Выбрать главу

Чем больше времени проходило со дня смерти Петра Великого — тем больше сомнений вызывал у шведов Ништадтский мир, добытый оружием первого русского императора. Войну с Россией шведы считали неизбежностью — и заранее готовили прискорбные для России условия будущего мирного договора, вплоть до перехода Санкт-Петербурга под власть шведской короны. Шведы знали, что Балтийский флот, представлявший грозную силу в петровские времена, потерял боеспособность. Много лет в Петербурге не было хозяина, не было крепкой руки: сплошное женское царство да коронованные недоросли, которые вели политику расточительную и не сориентированную на государственный интерес. В Европе многие считали, что на таком политическом фоне российская армия значительно ослабла.
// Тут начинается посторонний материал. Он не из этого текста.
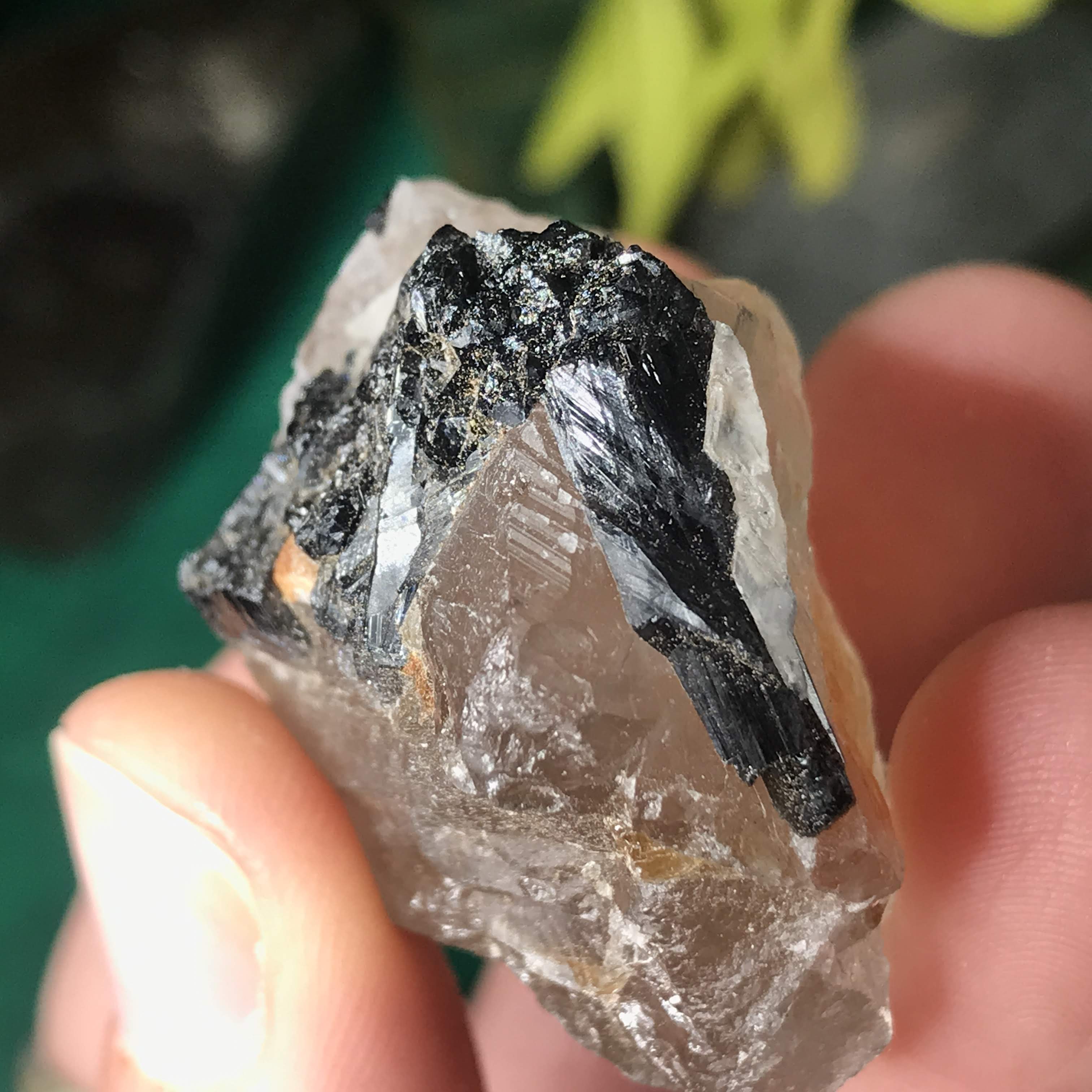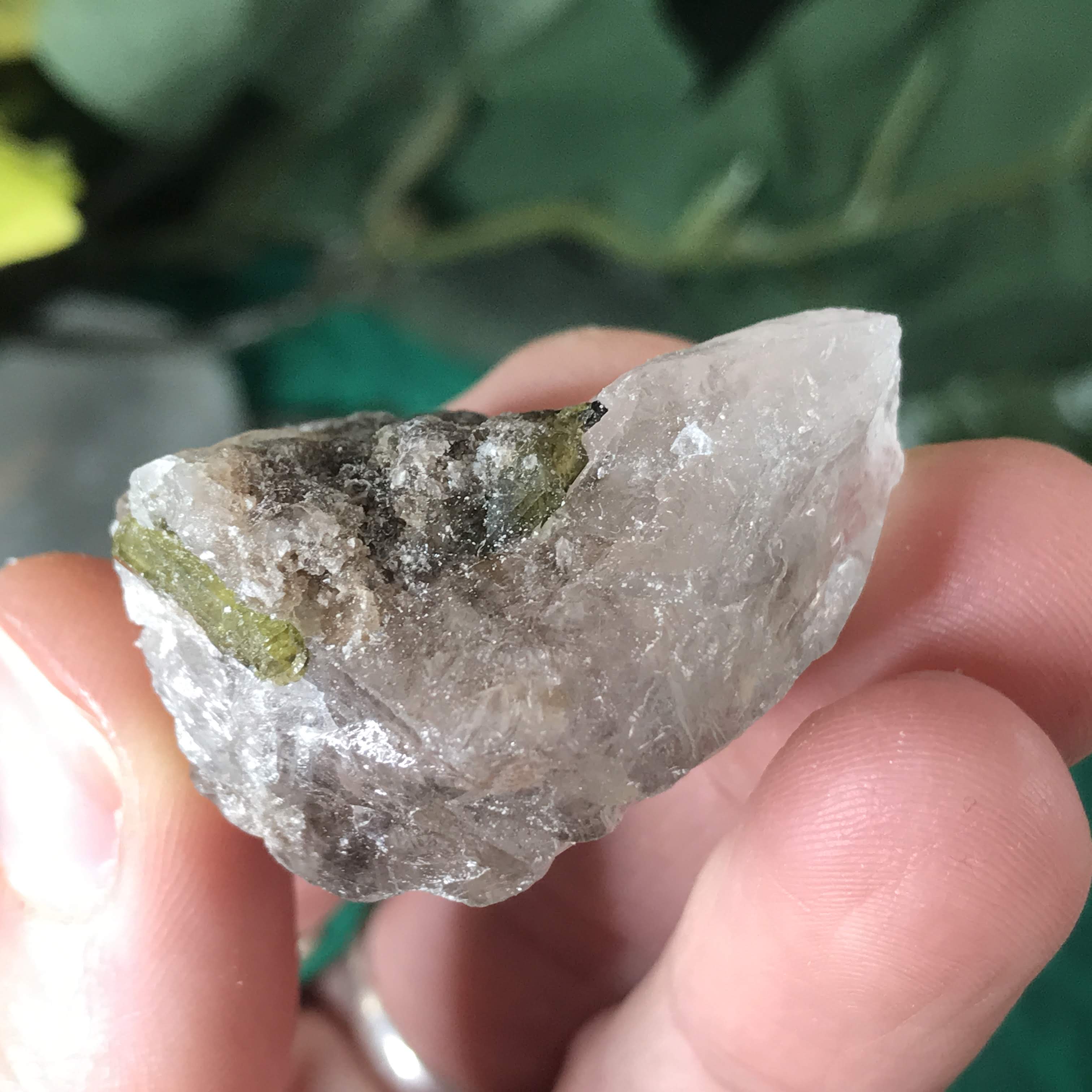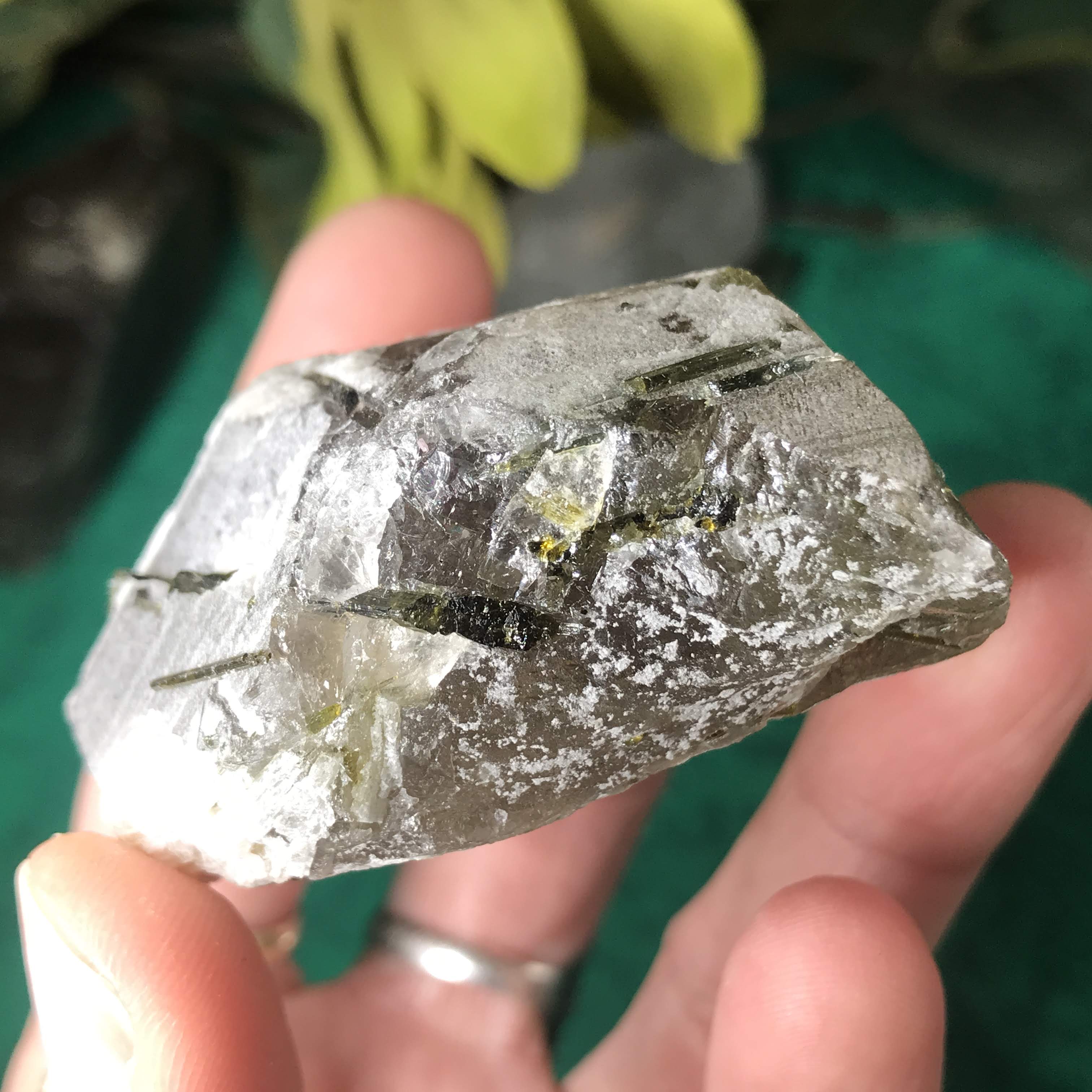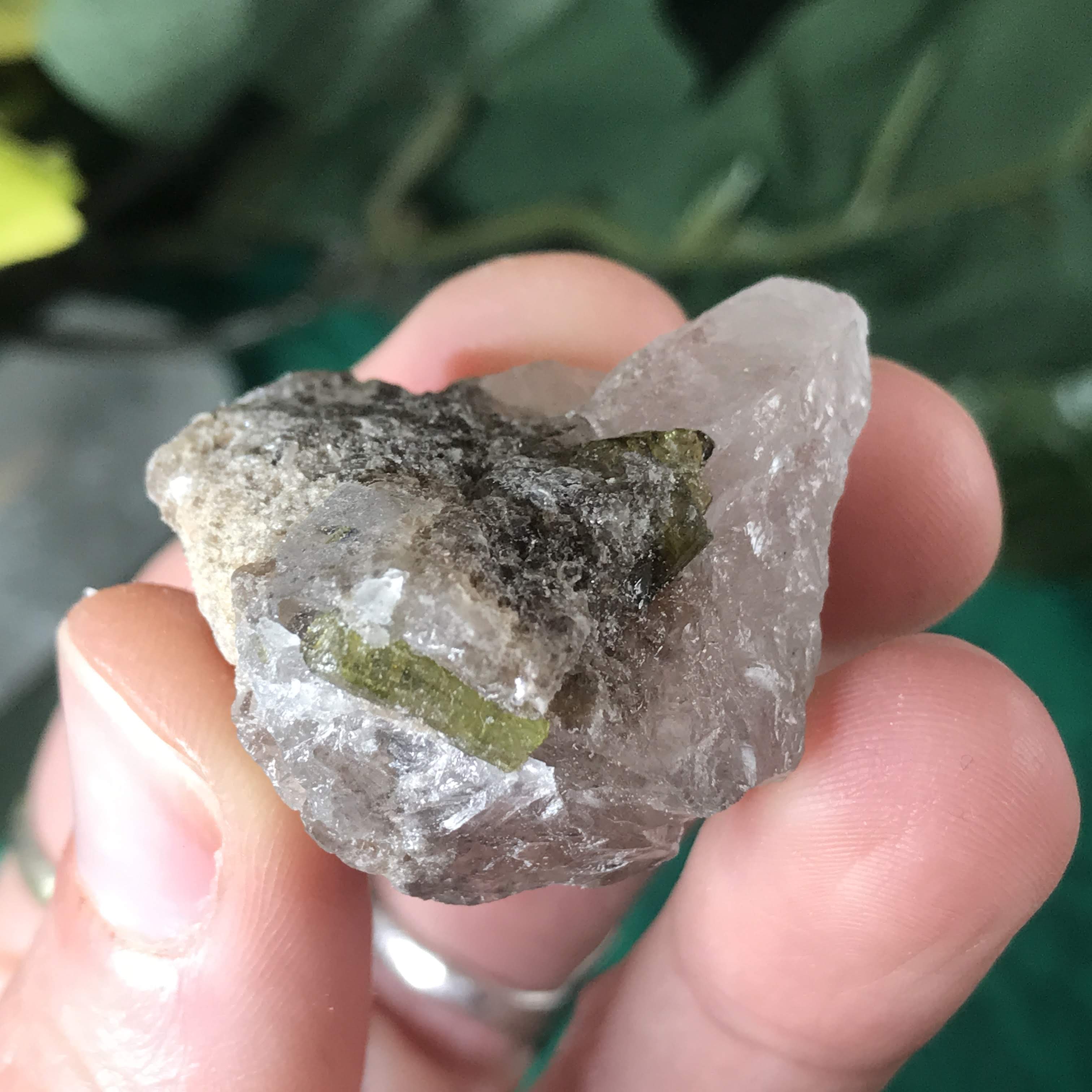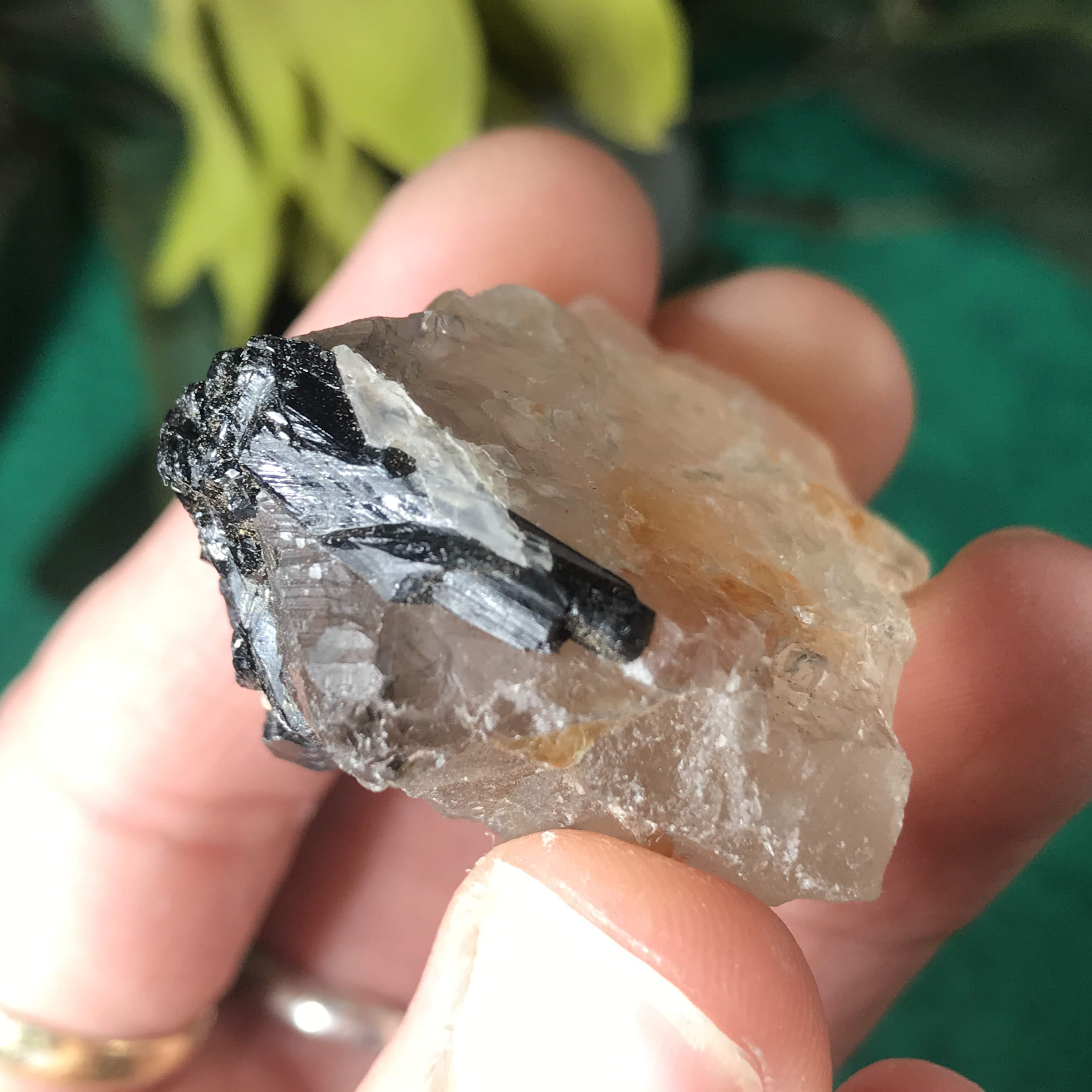 Green Tourmalinated Quartz- Combines the qualities of tourmaline with the qualities of quartz. The quartz (power and wonderful healing crystal!) will amplify the strong properties of the tourmaline. With it being smokey quartz it will also help with grounding, shielding, detoxing negative & dense energies, and helping with an uplift.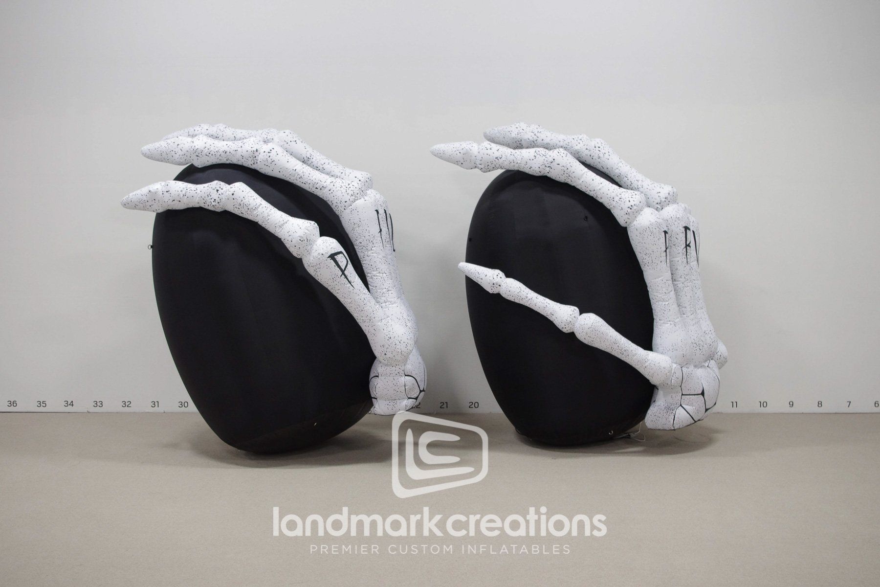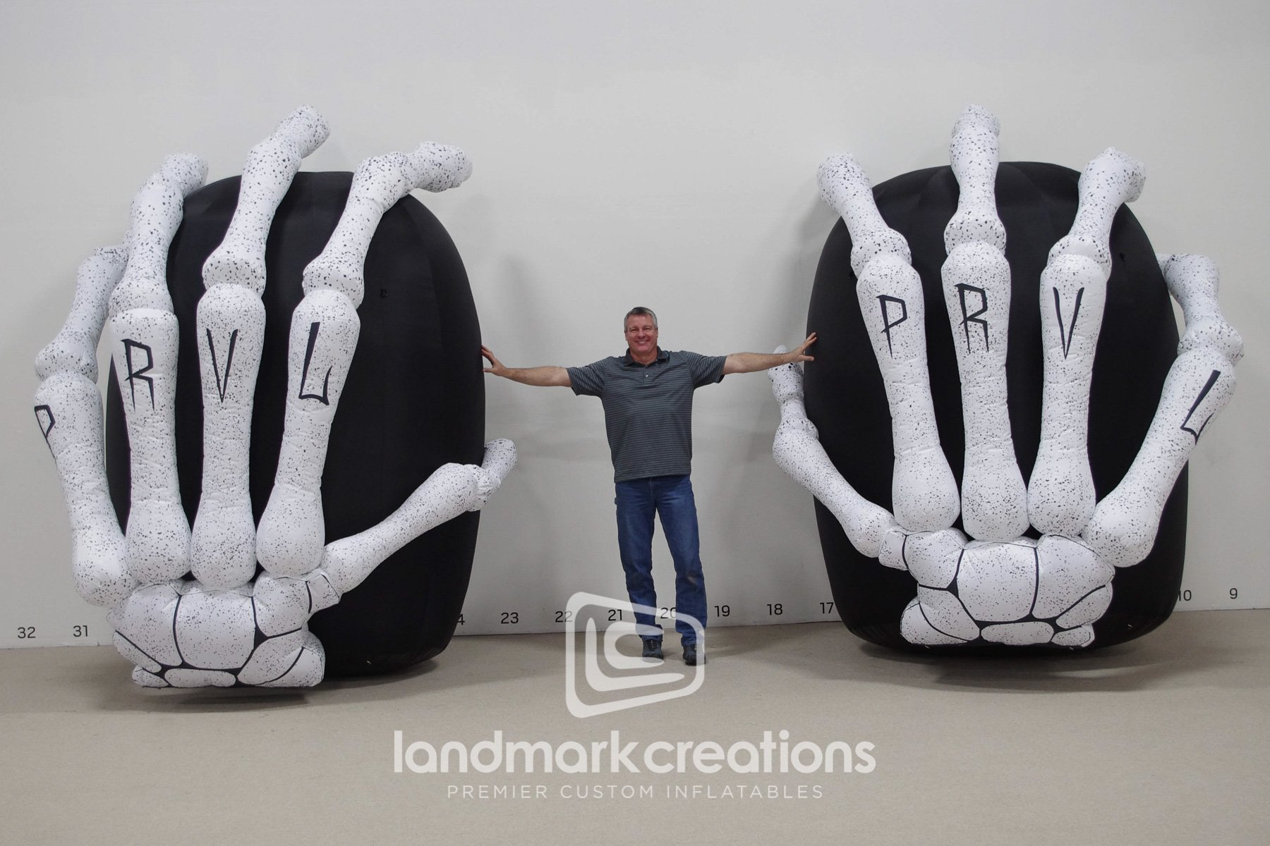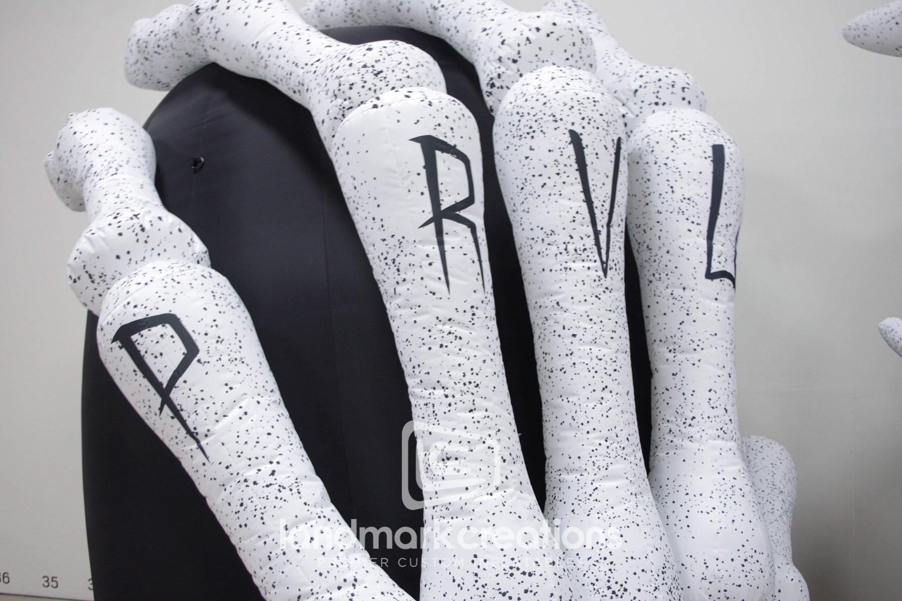 Detroit based band, I Prevail, created black and white custom inflatable skeleton hand displays on stage to coordinate with their brand image while adding an element of instant, visual 3D appeal.

К тому же шведский посланник в Петербурге Эрик Нолькен докладывал в Стокгольм о значительных потерях, которые русские понесли в войне с турками.

Они недооценивали силу русского оружия: даже дворцовые перевороты и придворное воровство не помеха для армии, которой Пётр Великий дал толчок к развитию.

Между тем как раз шведская армия после Карла XII потеряла стержень. К войне они готовились долго — но в большей степени на словах. Оперативно двинуться в поход не удавалось: столкнувшись с подобной медлительностью, великий Карл, несомненно, впал бы в ярость. Впрочем, шведская казна была истощена как раз войнами блистательного короля-воина — и теперь рассчитывать приходилось только на французские субсидии. Париж, не заинтересованный во вмешательстве России в войны за австрийское наследство, стремился разжечь пламя вражды между Стокгольмом и Петербургом.

В июле 1741-го Швеция объявила России войну, выставив странную причину: убийство дипкурьера Малькольма Синклера, который вёз документы о шведско-турецком союзном и военно-наступательном договоре. Несчастный Синклер погиб в Силезии, и его гибель не без оснований приписали русским шпионам, действовавшим по приказу Миниха. К середине лета пятитысячный корпус генерал-лейтенанта Будденброка сосредоточился у Фридрихсгама, трёхтысячный генерал-майора Врангеля — у Вильманстранда. До Петербурга — рукой подать. В Стокгольме запальчиво считали, что шведский солдат стоит десяти русских — и с десятитысячной армией думали взбаламутить Российскую империю. К тому же среди воинов Будденброка насчитывалось немало финнов, которые не оправдают надежд шведской короны. Когда дело дойдёт до серьёзных сражений, шведы перебросят на спорную территорию ещё не более десяти тысяч солдат. Но даже в смутные времена дворцовых переворотов и недолгих царствований Россия без напряжения могла мобилизовать на борьбу со шведами семидесятитысячную армию, разделённую на четыре соединения, прикрывавшие разные направления: Петербург, Выборг, Кронштадт, Прибалтику. Наиболее мощной была выборгская группировка. С ней и начал наступление на шведские позиции фельдмаршал Ласси.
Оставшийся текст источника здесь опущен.